▶ [What to do] Leaving out the pictures, return word for word the stretch of entries below from the line holding "Der Räucherfisch ist" through the line holding "8 sashimis salmão".

▶ [Records for the task]

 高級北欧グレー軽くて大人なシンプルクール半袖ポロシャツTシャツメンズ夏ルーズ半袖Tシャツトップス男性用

---

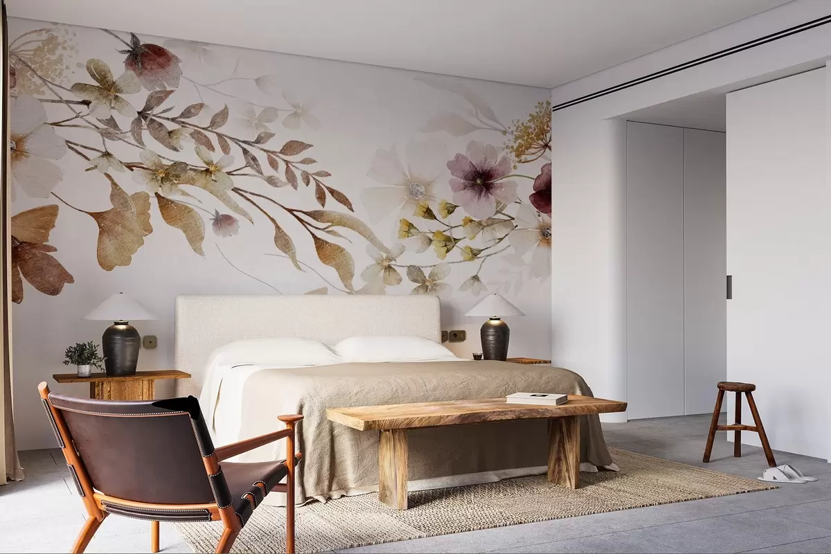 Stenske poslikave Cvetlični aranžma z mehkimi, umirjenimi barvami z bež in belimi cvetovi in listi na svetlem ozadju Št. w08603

---

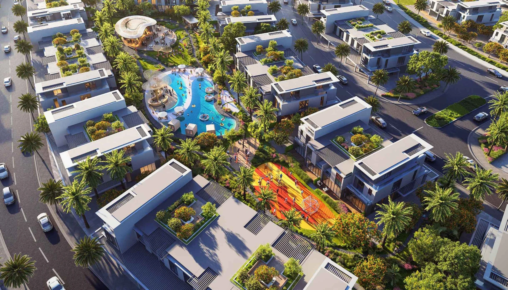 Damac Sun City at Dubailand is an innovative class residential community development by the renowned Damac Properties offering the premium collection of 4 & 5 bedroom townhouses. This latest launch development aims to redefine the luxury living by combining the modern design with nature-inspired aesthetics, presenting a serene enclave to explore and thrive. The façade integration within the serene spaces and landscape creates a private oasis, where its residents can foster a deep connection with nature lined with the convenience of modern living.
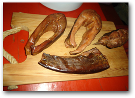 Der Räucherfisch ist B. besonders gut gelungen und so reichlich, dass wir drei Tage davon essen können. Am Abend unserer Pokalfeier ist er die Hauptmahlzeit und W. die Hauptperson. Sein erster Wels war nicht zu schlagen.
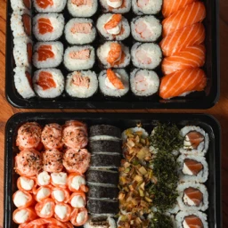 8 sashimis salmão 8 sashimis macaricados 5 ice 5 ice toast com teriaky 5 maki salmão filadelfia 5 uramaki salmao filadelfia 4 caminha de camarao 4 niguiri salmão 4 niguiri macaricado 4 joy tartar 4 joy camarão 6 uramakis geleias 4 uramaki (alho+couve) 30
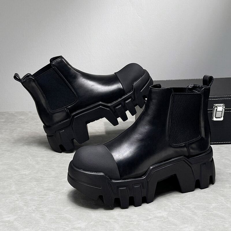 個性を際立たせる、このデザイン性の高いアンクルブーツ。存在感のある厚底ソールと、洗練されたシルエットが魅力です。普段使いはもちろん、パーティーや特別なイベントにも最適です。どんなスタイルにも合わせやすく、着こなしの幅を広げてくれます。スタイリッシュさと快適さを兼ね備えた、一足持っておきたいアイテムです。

▶ [Result of this task]
 Der Räucherfisch ist B. besonders gut gelungen und so reichlich, dass wir drei Tage davon essen können. Am Abend unserer Pokalfeier ist er die Hauptmahlzeit und W. die Hauptperson. Sein erster Wels war nicht zu schlagen.
 8 sashimis salmão 8 sashimis macaricados 5 ice 5 ice toast com teriaky 5 maki salmão filadelfia 5 uramaki salmao filadelfia 4 caminha de camarao 4 niguiri salmão 4 niguiri macaricado 4 joy tartar 4 joy camarão 6 uramakis geleias 4 uramaki (alho+couve) 30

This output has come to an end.